Auditor General of Kenya
- Incumbent
- Assumed office June 2020
- Preceded by: Edward Ouko

Personal details
- Education: Moi Girls High School, Nairobi
- Alma mater: Jomo Kenyatta University of Agriculture and Technology
- Occupation: Auditor, civil servant
- Known for: Auditor General of Kenya

= Nancy Gathungu =

Auditor General of Kenya since 2020

Nancy Gathungu is the Auditor General of Kenya, taking office in June 2020. She succeeded Edward Ouko who retired in August 2019. She had previously applied to be Auditor General under the 2010 constitution.
Nancy Gathungu was educated at Moi Girls High School, Nairobi.

== Career ==
Gathungu is a career civil servant, joining the office of Auditor General in 1993 and being promoted up the ranks to Director Quality Assurance, Office of the Auditor General. At time of appointment, she was a Strategic Management PhD candidate at the Jomo Kenyatta University of Agriculture and Technology.

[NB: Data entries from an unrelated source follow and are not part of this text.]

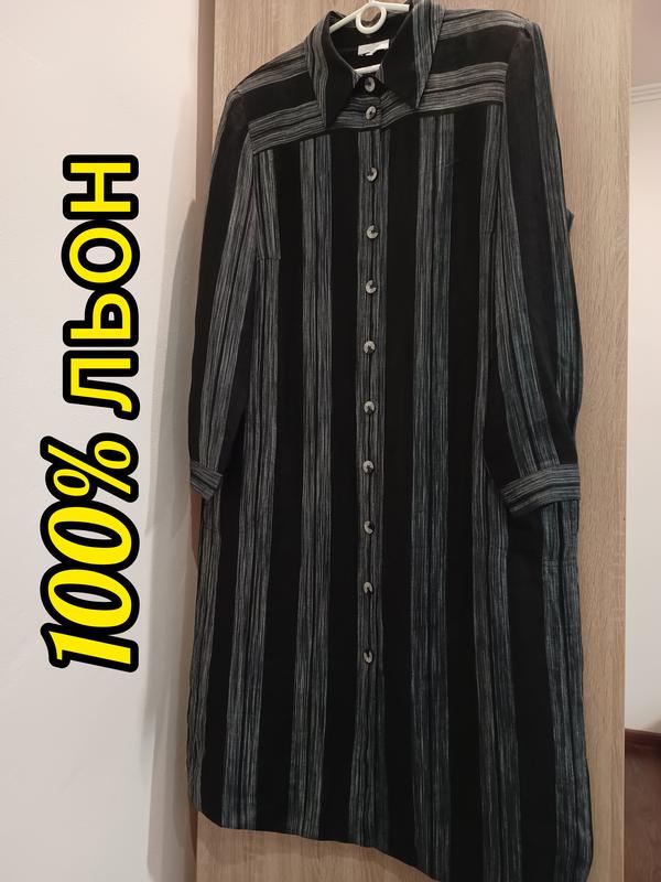 Бренд Elegance Paris, это бренд класса люкс. Бренд поднимается на модный Олимп как производитель высококачественных тканей для одежды. Имеет филиалы по всему миру, поставляя дизайнерские ткани для многих домов высокой моды, включая Dior, Valentino, французского модельера Андре Курреж, итальянского модельера Джафранко Ферре и др. Первая коллекция собственной дизайнерской одежды была выпущена в 1970 году, которая мгновенно завоевала потребителей безупречным качеством. Сегодня это мощный концерн, который интенсивно развивается во многих направлениях индустрии моды. Невероятно качественная! 100% льон Платье с карманами Внизу по бокам небольшие разрезы Длина по спине 115 см Полу окружность груди 59 не тянется Пол окружности талии 57 Пол окружности бедер 61 Рукав от плеча 60 Плечи 43/44, есть подплечники Платье свободного кроя, прямого пошива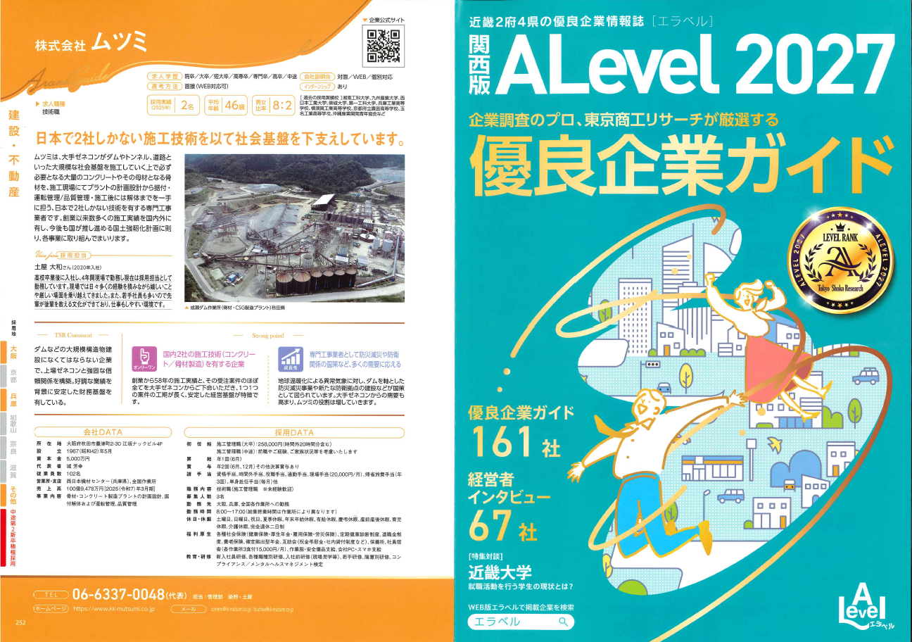 2025年12月22日 優良企業情報誌ALevel2027に掲載されました この度、信用調査会社の(株)東京商工リサーチ社様が発行する優良企業情報誌ALevel2027に弊社ムツミが上位8%に厳選されたAランク優良企業として本年も掲載されました。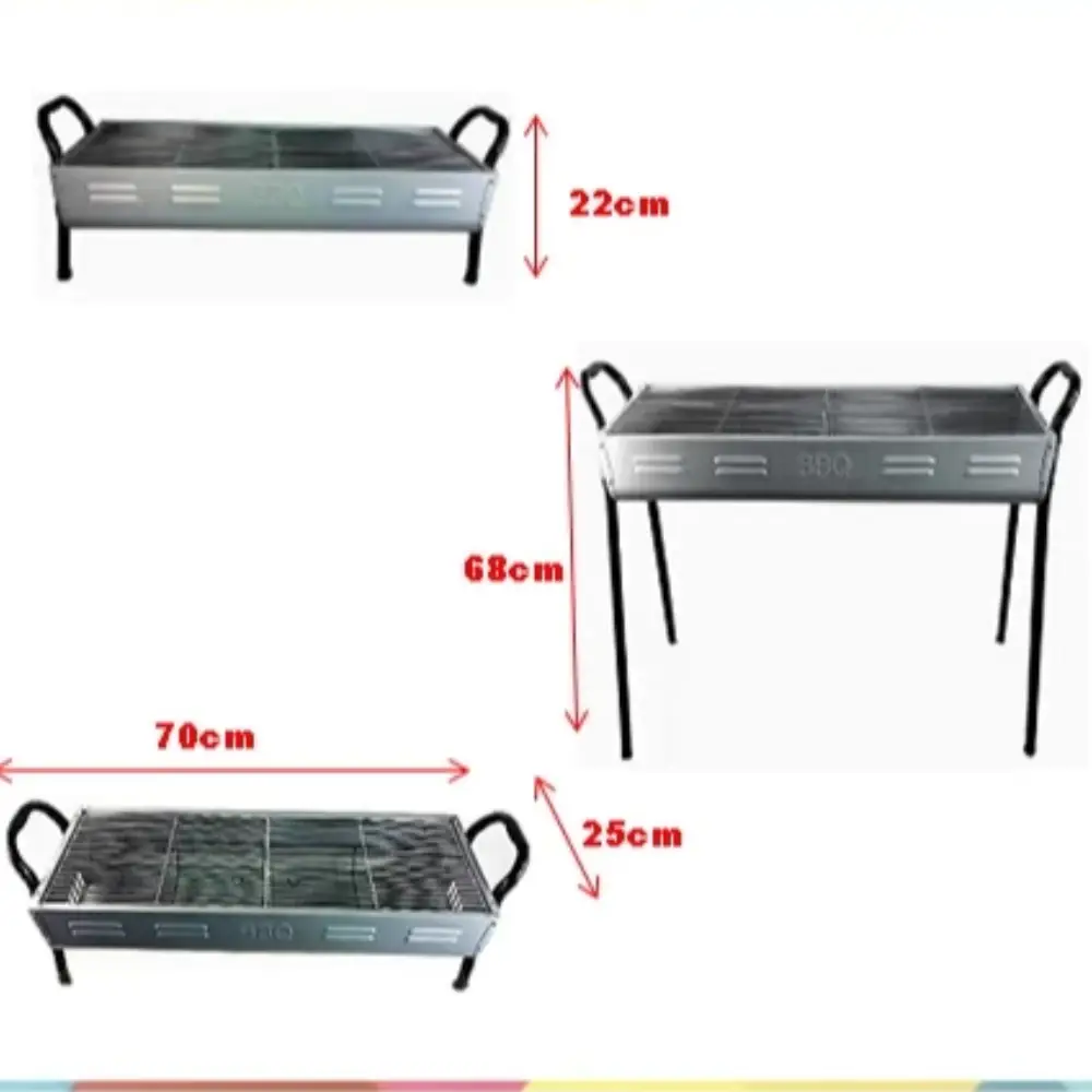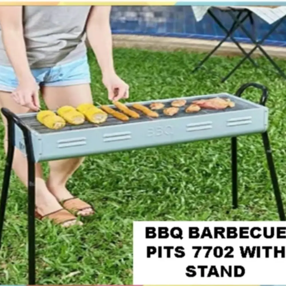 PORTABLE ALUMINIUM BBQ BARBEQUE GRILL PITS HZA-7702 70 X 25 X 68 CM The Portable Aluminium BBQ Barbecue Grill Pit with dimensions 70 x 25 x 68 cm is a compact and convenient grilling solution for outdoor activities. Here's a simple breakdown of its features: Specifications: Size: 70 cm (L) x 25 cm (W) x 68 cm (H), offering enough space for grilling several items at once. Material: Made from aluminium, which is lightweight, rust-resistant, and durable, making it easy to transport and clean. Portable: The lightweight aluminium construction allows for easy transportation, making it perfect for camping, picnics, or tailgating. Grill Surface: Offers ample cooking space for grilling food like burgers, sausages, vegetables, or fish. Easy Setup: Simple to assemble and set up for quick grilling at outdoor events.

Previous degrees include an MBA in Strategic Management and bachelor's degree of commerce (Accounting Option).

At time of taking office in 2020, Gathungu had a net worth of Ksh30.89 million.

== Major audits ==
In March 2021, Nancy Gathungu oversaw a report showing that half of the KSh 18.5 billion budget of the Kenya Population and Housing Census could not be accounted for.